Am w15 and he is 18 we get along very well, we're almost zsm, so to speak (still in the getting to know phase) and he is just completely different from me so how should I put it e.g. He is filled with friends every evening and always has to do something and then I'm more the person who can only sit at home. Netflix chill sth. He also likes to be around people and I rather not soo so I also have friends but yes I hope you know what I mean. Or he is more spoiled he gets a lot from his parents and my family is a bit different there 😬 So I hope you know what I mean that he is already different than me but we get along very well and are there hold a lot of feelings in the game but I'm just afraid that there will be a lot of arguments in the or maybe because we're so different 🙆🏼♀️ My friend also thinks that she thinks that we won't be zsm for so long but I would like to have a long bz maybe my only one. What do you think about it? Do you think it's bad that we're so different or that it might fit well? They always say opposites attract.
Chilling at home but I think you know what your girlfriend means so don't want to go into it big now but think the way you described it won't last long
Okey😬 the thing is we have been writing eig kt for a long time now, feeling every day all the time for half a year and everything is just right 🙆🏼♀️ Well, look and yeah, just being at home is just chilling haha
Yes, I understand what you mean, but if I had a girlfriend who is just the opposite then you somehow don't have so much in common, so and write and that's not everything, everything really has to fit so that it lasts for a long time, but no one wants to Make an eye but would think again very carefully because if it weren't so bad you would hardly post it on good question haha yes no matter yes home best haha
Oke yes, well, we understand each other really well, but if we really come zsm I'll just force him to watch Netflix with me 😂 but yeah
Yes or so, nh😂😀
Opposites can attract and be enriching. If e.g. If one part is a bit more introverted / shy and the other part is more extroverted / dominant, then both can learn a slice from the other. The introvert learns how to get out of himself, the extrovert, on the other hand, also learns to take off the accelerator from time to time. So it can complement each other positively. The same now applies to the things you describe. It doesn't matter that your families are different. It's not something that touches the core of your partnership. What could change anything about your feelings towards each other. He goes out often, you don't. Through him you will go out more often and he might learn from you that he stays at home sometimes.

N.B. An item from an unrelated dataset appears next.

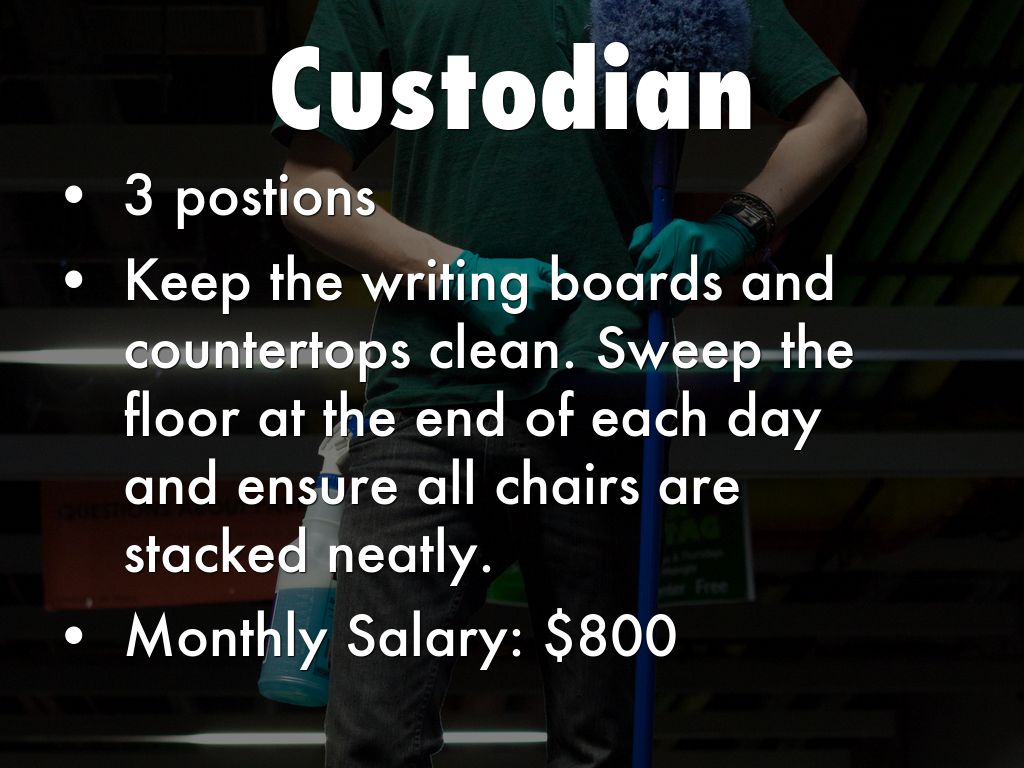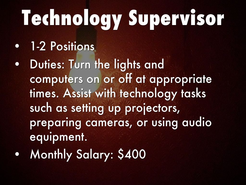Duties: Turn the lights and computers on or off at appropriate times. Assist with technology tasks such as setting up projectors, preparing cameras, or using audio equipment.

It actually depends on which areas these opposites affect. When it comes to visions of the future, for example, it would definitely be easier to follow the motto "like to join in the same". Both should already be looking in the same direction, e.g. Family? Children? Job? How should all of this later be roughly designed for the other? You instinctively look for similarities in the other because you feel better understood and identified.
The same applies to attachment behavior. If one of them clings and wants a lot of closeness, but the other rather wants to have more peace and quiet, then this closeness-distance behavior, which is different in both, can lead to discrepancies. I don't mean to say that opposites are bad. Rather, I want to point out that the more opposites there are, the greater the potential for controversy and from then on the question arises whether you want that at all. A relationship shouldn't be "exhausting" in itself. It should be beneficial for both. So that the foundation is based on "like and like to join", but the more "minor" things definitely have room for improvement, i.e. The opposites are also present.
I feel haha, just dangle at home, play Netflix and chill out. Simply perfect 😅
I think if you get along well, why are you afraid? The most important thing is that you understand each other. And arguments are normal in the relationship. No relationship is 100% perfect! Of course you can have an argument because you are so different, but if the love is stronger, you will definitely manage it or not?